Should I include dividends when calculating stock return?

Yes. Total return on a stock investment consists of two components: price appreciation (capital gain) and dividend income. Excluding dividends understates actual returns, especially for dividend-paying stocks. For a stock paying 3–4% annual dividends, ignoring dividends over a 10-year holding period would understate total return by 30–40%. This calculator explicitly separates capital gain from dividends and combines them for total return.

What does the holding period in this calculator represent?

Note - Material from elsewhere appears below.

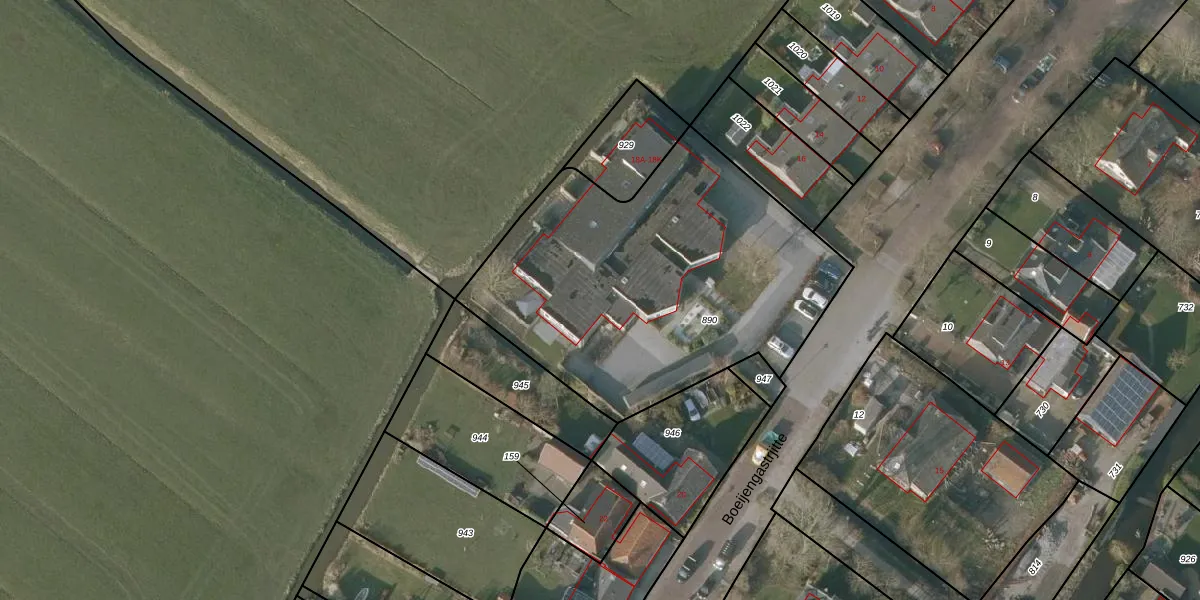 Het perceel waarop Boeijengastrjitte 18-K staat heeft een oppervlakte van 1850 m². Dit is een zeer groot perceel. De perceeloppervlakte wordt geregistreerd door het Kadaster. Gedetailleerde informatie over de maten van dit perceel kunt u vinden in het rapport Kadastrale kaart met maatvoering van Boeijengastrjitte 18-K.

The holding period is the duration between the buy date and sell date, expressed in fractional years (e.g., 1.5 years for 18 months). It is calculated as (sell date − buy date) in days divided by 365.25 (using 365.25 to account for leap years). A minimum of 1 day is enforced to prevent division by zero. Holding period determines the annualized return calculation and also has tax implications: short-term (under 1 year) vs long-term (over 1 year) capital gains are taxed at different rates in many countries.

How do I calculate return if I bought shares at different prices (dollar-cost averaging)?

For a position built through multiple purchases at different prices (dollar-cost averaging), this calculator requires a single average buy price. Calculate your average cost basis first: total amount paid for all shares divided by total shares. For example, if you bought 50 shares at $100 and 50 shares at $120, your average cost is $110. Enter $110 as the buy price and 100 as the total shares for an accurate return calculation.

What is capital gain vs total return?

Capital gain (or loss) is the difference between the sale proceeds and the original purchase cost: (sell price − buy price) × shares. Total return adds any dividends received during the holding period to the capital gain: total return = capital gain + dividends. This is the complete measure of investment performance. A stock that lost $500 in price but paid $800 in dividends would show a capital loss of $500 but a total return of +$300.

Why is annualized return more useful than total ROI for comparing investments?

When comparing investments, annualized return (CAGR) is more informative than simple ROI because it controls for time. Investment A returning 80% over 10 years (6.1% annualized) is far inferior to Investment B returning 80% in 3 years (21.5% annualized), even though the ROI is the same. Annualized return allows apples-to-apples comparison across stocks held for different durations and against benchmarks like index fund average annual returns.

Does this calculator account for taxes or brokerage fees?

No. This calculator computes pre-tax, pre-fee gross returns. To calculate after-tax return, subtract your capital gains tax liability from the total return before dividing by total cost. To account for brokerage commissions, add buy-side fees to your total cost and subtract sell-side fees from your total revenue before entering those values. Most online brokers now offer commission-free trading, but older trades may have included per-transaction fees.